A guy in a sombrero stopped to take a picture with me sitting on the curb.
At what point did we agree that playing bocchi ball on the way to the liquor store was a good idea?
The house is trashed, there is porn scattered everywhere like an easter egg hunt and the blow up doll is sleeping on the couch downstairs. someone covered her up.
Blood. All over. Pre coke adventure needs to slow down unless I'm involved
The good news is I managed to avoid the three cop car looking for me. The bad news is I no longer have shoes.
Driving a mountain pass in the middle of a blizzard with the worst vodka gummybear hangover ever is gods way of telling me to keep the black-outing within a 15 mile radius to my house.
Twas the night before the bachelor party, and all thru the house...not a creature was stirring, not even a stripper?...
I feel like I'm going to get the reputation of being the girl who brings her dog with her to all her random hookups.
His legs actually look hot in that dress.

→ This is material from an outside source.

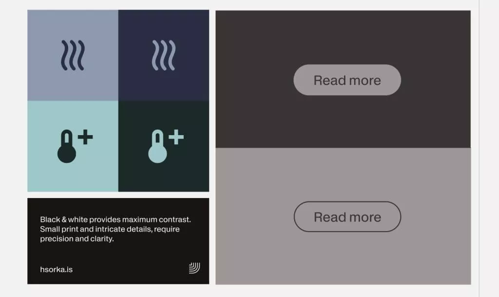 Inspired by photography taken onsite in Iceland, the primary palette reflects the red geothermal pipes, volcanic earth, and open skies surrounding HS Orka’s operations. Red is used sparingly and deliberately – an accent that signals presence without overpowering. A complementary secondary palette of soft greys, greens, and tones from native flora add warmth, clarity, and accessibility across all applications.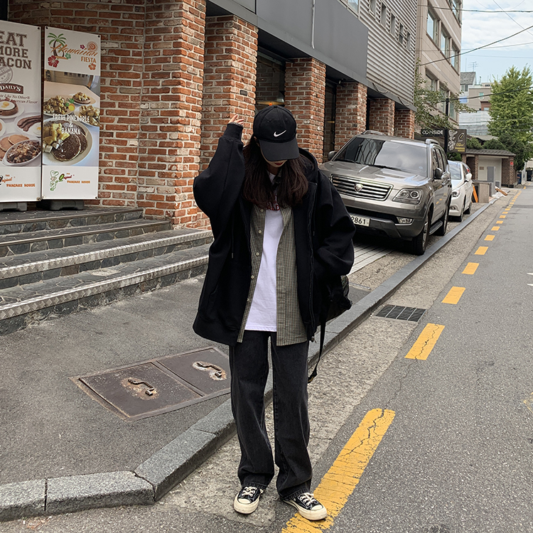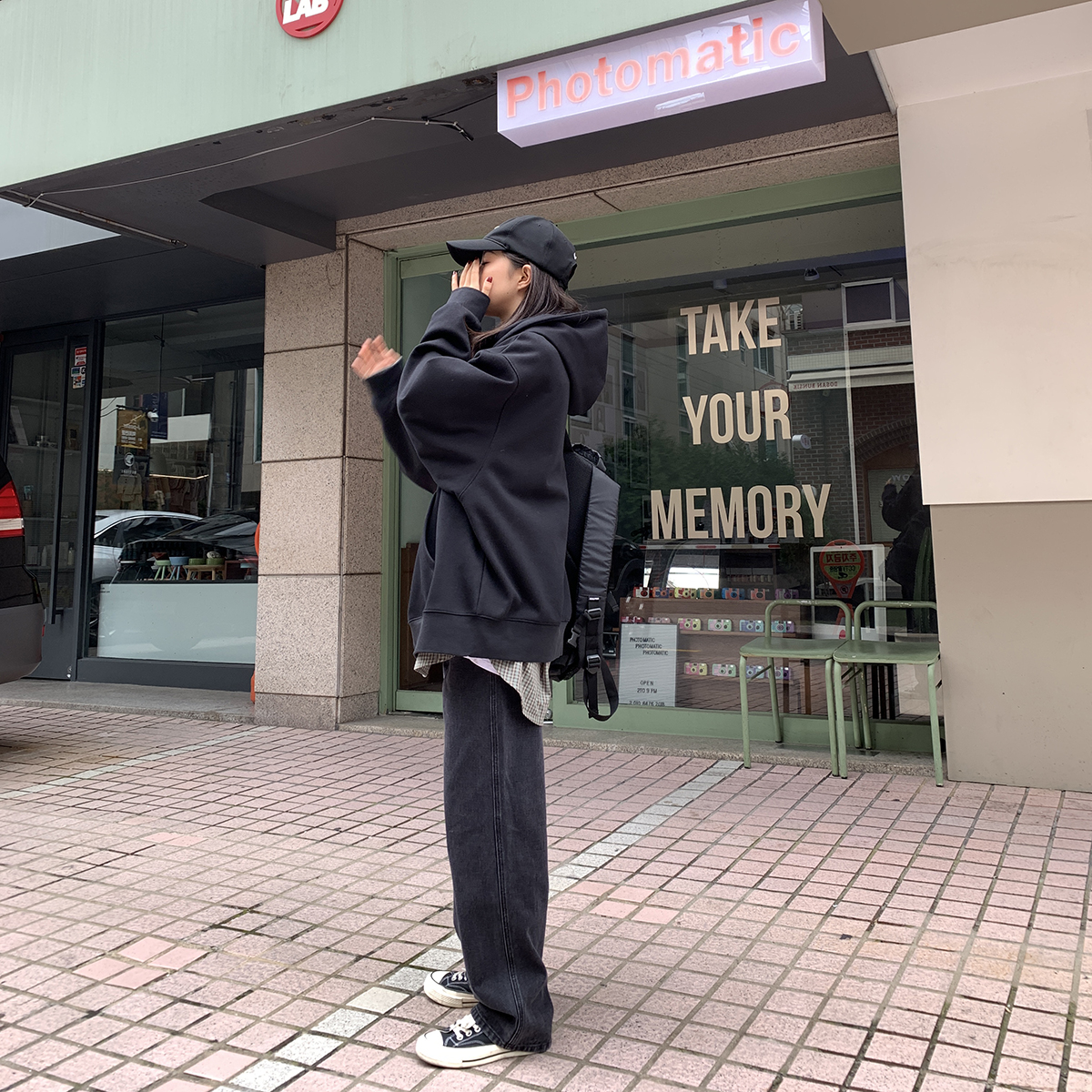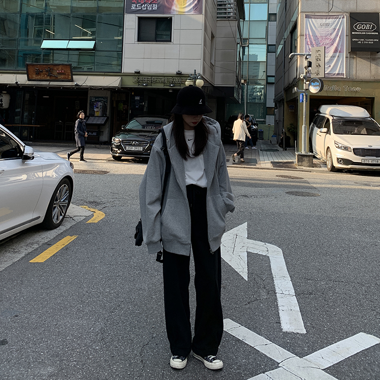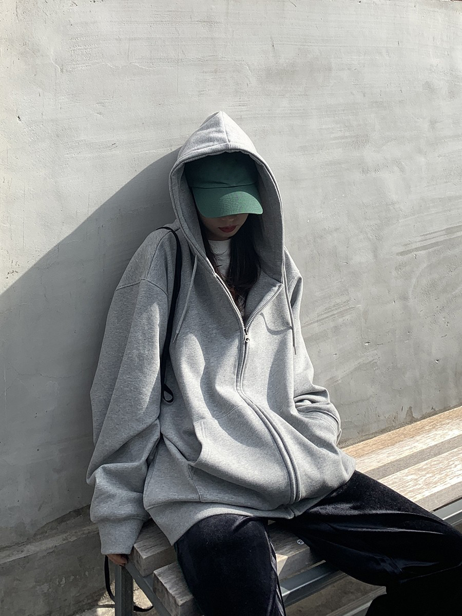 SIXI四喜家自制春季 拉鍊外套女連帽運動衫寬鬆韓版加絨百搭上衣

He might even make a better girl than Josh
Packing a mid day bowl in the Sonic parking lot. Have I gone too stoner?
Yea... The gym isn't gunna happen today... When I was drunk last night I tried to prove I could front flip off the wheel cover of a semi... I fucked up my shoulder pretty bad... It was more of a roll
I just got offered money for pictures of my boobs
I accepted the offer
I think we should have a sex position advent calendar
He got me off while watching hockey. He's a keeper.
We decided it was a good idea to go streaking through the campus. Everything was fine until the sprinklers turned on and we realized the keys were in his pocket.